Quite obviously the major beneficial fallout of this first-of-its-type convention is the establishment of FIPE and the entry of Europe into the international education arena overly dominated by the Anglo-Saxon, English speaking countries. FIPE cannot but bode well for pushing education higher on the agendas of laggard third world nations to attain the United Nations Education For All goal by 2015.

Dilip Thakore (Paris)

Delhi

Mobile school fears

In a tacit admission that several thousands of street children are out of school in the national capital region, the Delhi state government has announced mobile schools which will enroll an estimated one million children under the Central government Sarva Shiksha Abhiyaan (SSA) or Education For All programme. The groups identified for this purpose include street children, distressed girl children and those residing in slums and red light areas. For this purpose the government has steeply hiked its SSA budget to Rs.123 crore from Rs.19 crore of last year, and has also drawn up plans to inter-link schools with net-based picture projection technology. Moreover to attract children, health check-ups and nutrition supplements will be provided. “Our effort is to reach out to the underprivileged, focus on providing them basic education and motivate them to enroll in regular schools,” says Arvinder Singh Lovely, education minister of the Delhi state government.

However all this activity and promises hasn’t impressed education activists here. “The most unfortunate aspect of this proposal is that while the Congress-led UPA government is examining the possibility of implementing a common school system based on the concept of neighbourhood schools ensuring equal educational opportunity to every child, the Congress government of the state of Delhi is working towards strengthening the multi-track education system in the state,” says Karam Tyagi, convenor of the Delhi-based National Alliance for Right to Education and Equity (NAFRE). According to Tyagi the much-hyped SSA is an anti-national brainchild of the previous NDA government to legitimise non-formal, cheaper options to achieve the Education For All goal. “SSA is a policy ploy for shifting responsibility for education from the state to the community, which can have disastrous results,” he warns.
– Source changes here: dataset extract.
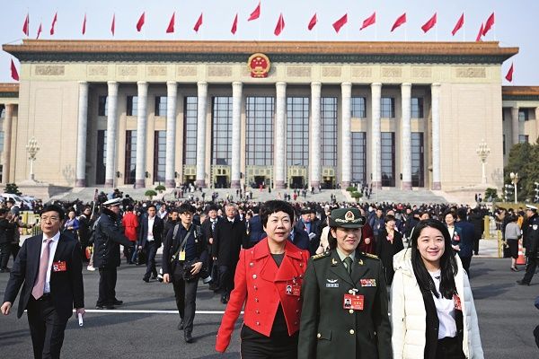 3月10日,全国政协十四届二次会议闭幕后,全国政协委员走出人民大会堂。

Newly appointed secretary (education) Reena Ray says that the state government is very serious about implementing this new initiative and is planning to seek the help of international funding agencies for infrastructure requirements. “Though mobile schools cannot replace formal classroom education and are not an alternative to formal schools, we don’t have any other mechanism by which we can persuade street children to learn,” says Ray.

But Tyagi is unimpressed. “It is really a mockery. On one hand government schools lack basic infrastructure and teaching aids and on the other hand the government is promoting such high cost, hi-tech activities, which will hardly contribute to the improvement of the quality of education,” he says.

Among educationists there is widespread and justified apprehension that this is a panicky high-cost exercise to deliver vaguely defined para or informal education. The requirements of a planned, scientific assessment of financial needs to ensure equitable qualitative education to every child have been bypassed. There is a pervasive feeling that the system of “literacy for masses and education for classes” is being reinforced by the hastily proposed mobile schools.